‘American Factory’ documents workplace culture wars

The new documentary tracks the integration of a Chinese company into an old General Motors plant in Dayton, Ohio.
The American Factory documentary is about a Chinese company moving into an old factory in Dayton, Ohio. Courtesy of truefalse.org

This article contains spoilers for “American Factory.”

When filmmakers Steven Bognar and Julia Reichert introduced “American Factory” to their Missouri Theatre audience at True/False, they spoke about how the film had a strong connection to the Midwest.

Having premiered at Sundance where it was picked up for distribution by Netflix, the observational documentary tracks Chinese billionaire Cao Dewang as he brings his Fuyao glass company to the town of Dayton, Ohio.
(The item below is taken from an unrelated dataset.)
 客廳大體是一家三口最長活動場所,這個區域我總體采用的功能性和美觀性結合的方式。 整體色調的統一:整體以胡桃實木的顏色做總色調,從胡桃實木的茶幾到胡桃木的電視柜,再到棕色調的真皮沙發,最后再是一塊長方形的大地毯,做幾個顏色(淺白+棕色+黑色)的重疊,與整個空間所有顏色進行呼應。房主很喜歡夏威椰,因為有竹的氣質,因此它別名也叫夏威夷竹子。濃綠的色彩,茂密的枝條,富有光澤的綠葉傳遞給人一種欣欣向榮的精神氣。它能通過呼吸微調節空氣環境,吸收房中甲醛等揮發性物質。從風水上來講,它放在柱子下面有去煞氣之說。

Some of the perspectives covered are by those who formerly worked in the General Motors plant that became Fuyao Glass America and how the change has impacted their lives.

As chairman Cao sets up shop in Dayton, residents of the community are just happy to get back to work, even if it means a substantial pay cut. Their energized attitudes fade as they are placed alongside Chinese workers who move at a much quicker rate. Before long, this kink in the production line causes profit to decrease and thus ensues madness. The threat of a union looms larger on the chairman, as he reorganizes his top officials so that there are no American leaders and starts passing out excuses for terminations. What was once a positive project aimed at revitalizing the area becomes a hotbed of cultural conflict sparking national media attention.
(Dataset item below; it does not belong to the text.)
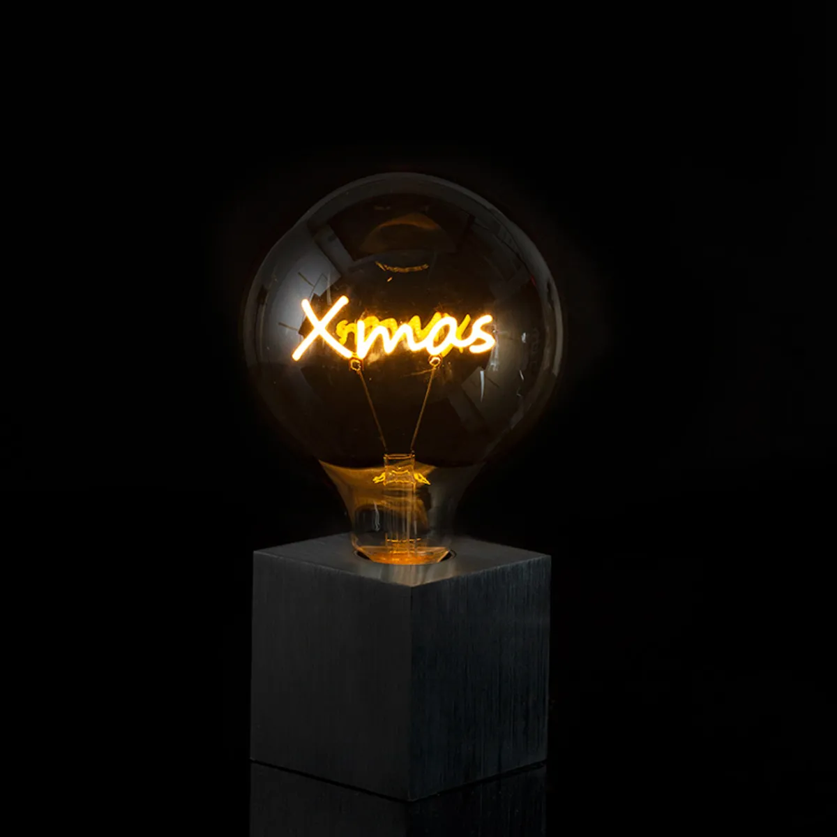- Veredelter Sockel in Schwarz mit fest montiertem Kabel und Schnurschalter

Sprinkled throughout the film are moments of genuine connection between the two cultures. Often very funny, they highlight the radical differences between us while showing the ways we are alike. All of the workers are trying to support themselves and their families. Some of the Americans learn that while they are working hard for less, the Chinese are working harder and away from their families entirely. The Chinese also learn that, “In America, you can talk badly about the president.” Clash after clash, the cultural divide is never better demonstrated than in a section of the film where some workers are flown to headquarters in Shanghai and partake in a company-sponsored event. Let’s just say the YMCA is still not safe to do in public. Or in China.

There are some fly-on-the-wall moments in this movie that make it easy to get wrapped up in each new development of the workplace saga. That so many people are candidly observed in these odd situations speaks to how well the filmmakers did taking the pulse of the company. They may not all get a bonafide arch in the story, but I think that has more to do with this being a case of constant transition than any fault of the filmmakers. Bognar and Reichert have gathered information about the current state of Chinese and American industry relations in the form of visual footage that transcends any easy characterizations of its subjects.